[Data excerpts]
• • •
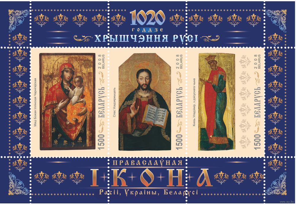 2008 БЕЛАРУСЬ блок коллекционных марок "1020-летие крещения славянских народов России,Украины,БеларусиMNH
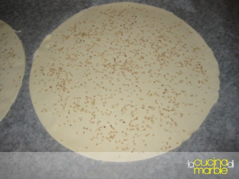 mettere le sfoglie su fogli di cartaforno, bucherellare con i rebbi di una forchetta e cospargere di semi di sesami
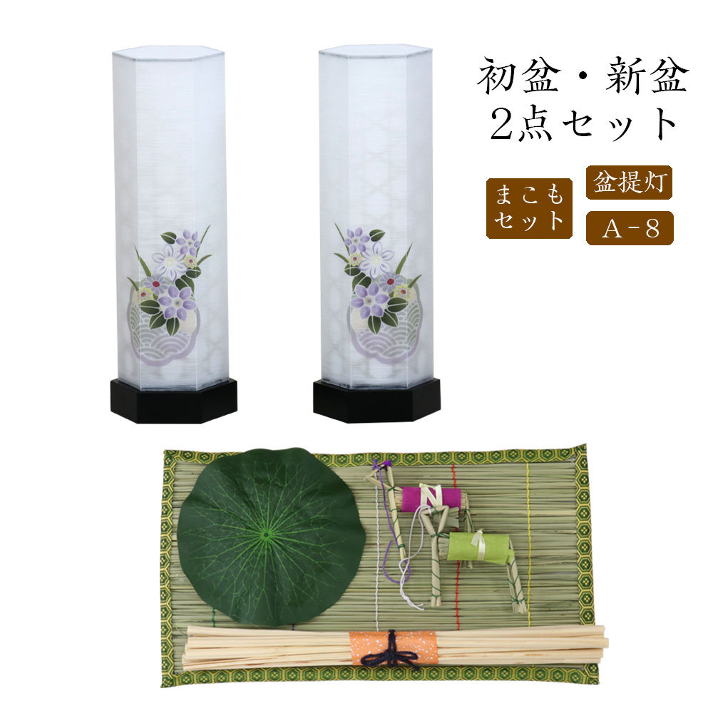 初盆セット 新盆セット 盆提灯+まこもセット【初盆・新盆 初盆 2点セット A-8】お盆飾り 初盆飾り 盆提灯 盆ちょうちん 提灯
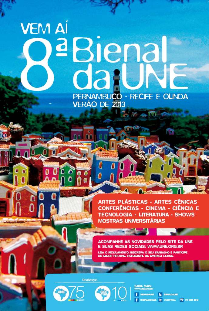Os estudantes do ensino superior, ensino médio e de pós-graduação que desejarem apresentar seus trabalhos culturais e científicos na 8ª Bienal da UNE (União Nacional dos Estudantes) já podem se inscrever pelo site da entidade (www.une.org.br ). O prazo é até o dia 07/12/2012. A Bienal, considerada o maior festival estudantil da América Latina, acontecerá entre os dias 22 e 26/01/2013 nas cidades de Recife e Olinda, em Pernambuco.
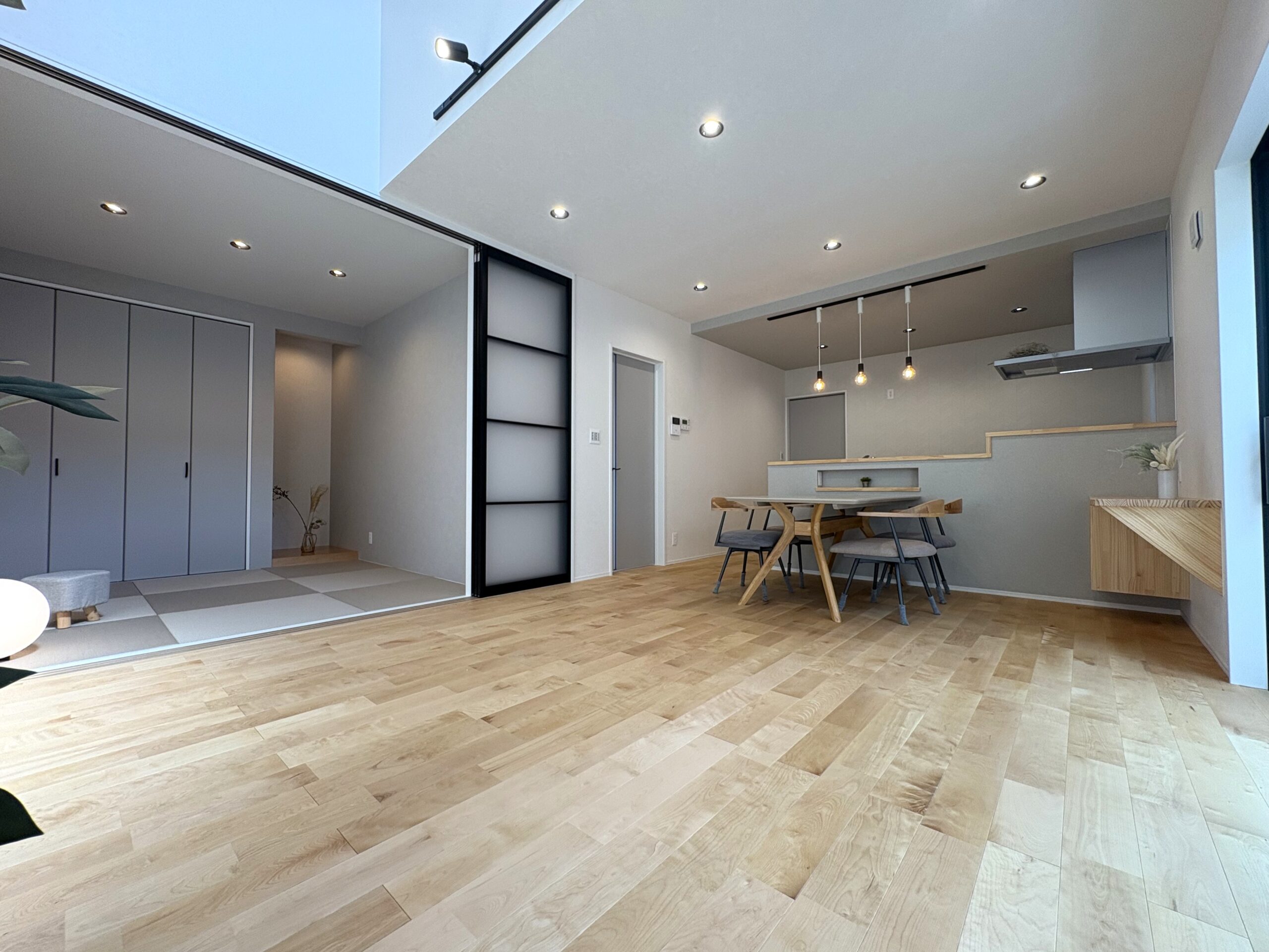 和室は家族がまったりと過ごせる安らぎの空間。畳なので転んでも安心!お子様の遊び場やお昼寝の場所としても最適です。お布団もしっかり収納できるクローゼット付き!
• • •
(What this task involves): All that is needed is an exact copy of the entries above, minus the pictures.

(Exercise response):
 2008 БЕЛАРУСЬ блок коллекционных марок "1020-летие крещения славянских народов России,Украины,БеларусиMNH
 mettere le sfoglie su fogli di cartaforno, bucherellare con i rebbi di una forchetta e cospargere di semi di sesami
 初盆セット 新盆セット 盆提灯+まこもセット【初盆・新盆 初盆 2点セット A-8】お盆飾り 初盆飾り 盆提灯 盆ちょうちん 提灯
Os estudantes do ensino superior, ensino médio e de pós-graduação que desejarem apresentar seus trabalhos culturais e científicos na 8ª Bienal da UNE (União Nacional dos Estudantes) já podem se inscrever pelo site da entidade (www.une.org.br ). O prazo é até o dia 07/12/2012. A Bienal, considerada o maior festival estudantil da América Latina, acontecerá entre os dias 22 e 26/01/2013 nas cidades de Recife e Olinda, em Pernambuco.
 和室は家族がまったりと過ごせる安らぎの空間。畳なので転んでも安心!お子様の遊び場やお昼寝の場所としても最適です。お布団もしっかり収納できるクローゼット付き!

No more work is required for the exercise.